I've realized the version of LLVM I'm using is 17.0.6, which is older than the one used to build the xen-kernel you seem to be having issues with.  I've uploaded a build of Xen using my current toolstack, which works for me.  Is there any chance you could give it a try and post the serial output?  It's just a matter of replacing your /boot/xen-debug binary with this one:

https://people.freebsd.org/~royger/xen-debug

In the meantime I will attempt to update my LLVM compiler and toolchain to 18.1.5 and see if I can reproduce.

Roger.
Comment 24 Marian Arlt 2024-07-11 19:29:45 UTC
Truth be told I'd much rather prefer to UEFI boot, but everywhere I look, guides and docs still say that Xen on FreeBSD is supposedly BIOS only...This is definitely on my bucket list...needs some planning ahead though, which I'm currently not really excited about. Especially since it was working just fine before the upgrade to 14.x

For now I did as you proposed. The following log is with latest 14.1-RELEASE-p2 booting your linked debug-kernel. Absolutely no other changes from the above config.

https://www.dropbox.com/scl/fi/13r5oichz29p0ge6mb9b6/20240711_FreeBSD-14.1-RELEASE_Xen_Panic_RogerDebugKernel.log?rlkey=ylo3sjgps1fjkbgafrx415cqw&st=sxbnsx11&dl=0
Comment 25 Roger Pau Monné freebsd_committer freebsd_triage 2024-07-12 15:09:04 UTC
(In reply to Marian Arlt from comment #24)
Oh, I've forgot to update the handbook after adding support for UEFI booting in 14.  UEFI booting should be working now (in fact that's what I use on my systems currently).

The "unable to add kenv" makes me think there's some issue with the handling of the boot metadata that the FreeBSD Xen entry point performs when booted from BIOS instead of UEFI.  I will attempt to find and setup a system with BIOS boot early next week to see if I can reproduce your issues.

Could you also add the following to /boot/loader.conf:

boot_verbose="YES"

And "console_timestamps=boot" to your xen_cmdline.

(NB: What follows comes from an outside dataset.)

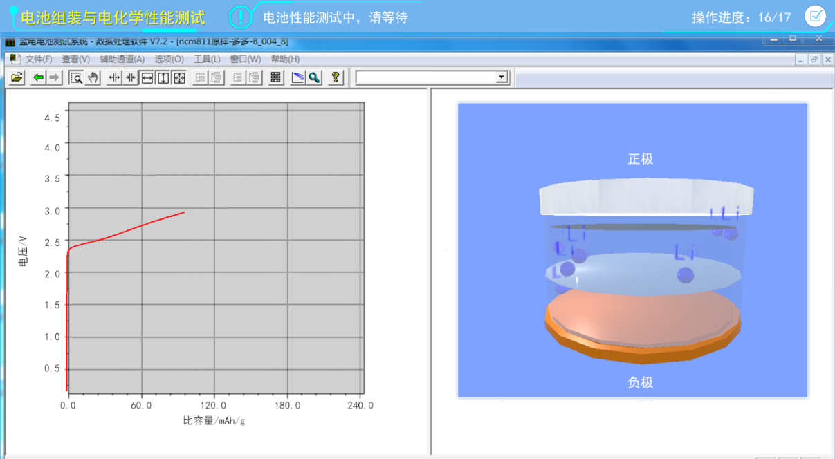 点击“当前测试程序”,设置充放电电流电压,随后关闭并退出监控软件。然后右键选择“活性物质参数”,输入活性物质的质量,设置循环统计方式。开始充放电测试,查看第一圈充放电曲线。

In the meantime I've built a Xen kernel with extra debug prints related to CPU bringup, maybe that can shed some light:

https://people.freebsd.org/~royger/xen-debug
sha256 ee23e1dd3008117feb0cd872d23d5e4bc4795e33320d05398e83cffba97869ab 

I'm sorry for you being in this situation, I might not be able to do much progress during the weekend, but I will get back to it on Monday.  Thanks for providing all this output.
Comment 26 Marian Arlt 2024-07-14 13:00:30 UTC
On the contrary, I appreciate your continued assistance. I'm a huge fan of baremetal Xen on FreeBSD. If this turns out to be more than one individual case I'd be glad to help. Otherwise I'd be sorry to waste your time. Providing and encouraging UEFI boot going into the future is great news.

All former captures were already using "boot_verbose=YES" in /boot/loader.conf
I added timestamps to xen_cmdline as requested and used the kernel you provided. I am still trying to figure out what the best method is to share the logs here. They'd totally annoy the hell out of me if I pasted them directly to this thread.

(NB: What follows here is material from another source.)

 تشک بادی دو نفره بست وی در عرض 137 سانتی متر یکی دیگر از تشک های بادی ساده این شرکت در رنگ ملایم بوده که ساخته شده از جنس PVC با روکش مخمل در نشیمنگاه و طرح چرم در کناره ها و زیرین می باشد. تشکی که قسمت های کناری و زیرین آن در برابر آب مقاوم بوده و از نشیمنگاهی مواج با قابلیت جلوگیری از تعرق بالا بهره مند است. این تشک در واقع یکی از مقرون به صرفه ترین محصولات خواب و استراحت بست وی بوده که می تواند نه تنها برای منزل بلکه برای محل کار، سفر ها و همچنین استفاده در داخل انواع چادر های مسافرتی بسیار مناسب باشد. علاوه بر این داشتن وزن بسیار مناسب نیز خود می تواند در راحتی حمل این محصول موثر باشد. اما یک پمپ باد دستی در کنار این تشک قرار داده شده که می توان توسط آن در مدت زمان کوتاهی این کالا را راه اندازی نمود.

I made a Jumpshare account for this one. FreeBSD 14.1-RELEASE-p2 booting xen-debug kernel by Roger Pau Monné with additional "debug prints related to CPU bringup", high verbosity for FreeBSD and Xen boot, and timestamps for Xen boot log, over serial:
https://jumpshare.com/v/8Pd2sRzU5EMxFzvHc6DO
Comment 27 Roger Pau Monné freebsd_committer freebsd_triage 2024-07-15 16:18:51 UTC
Thanks, that log doesn't show any of the added messages, which is concerning because the added messages are in the paths used inside of Xen to handle the IPIs related to CPU bringup.

Can you try to boot adding dom0_max_vcpus=1 to the xen_cmdline option in loader.conf and paste the log here?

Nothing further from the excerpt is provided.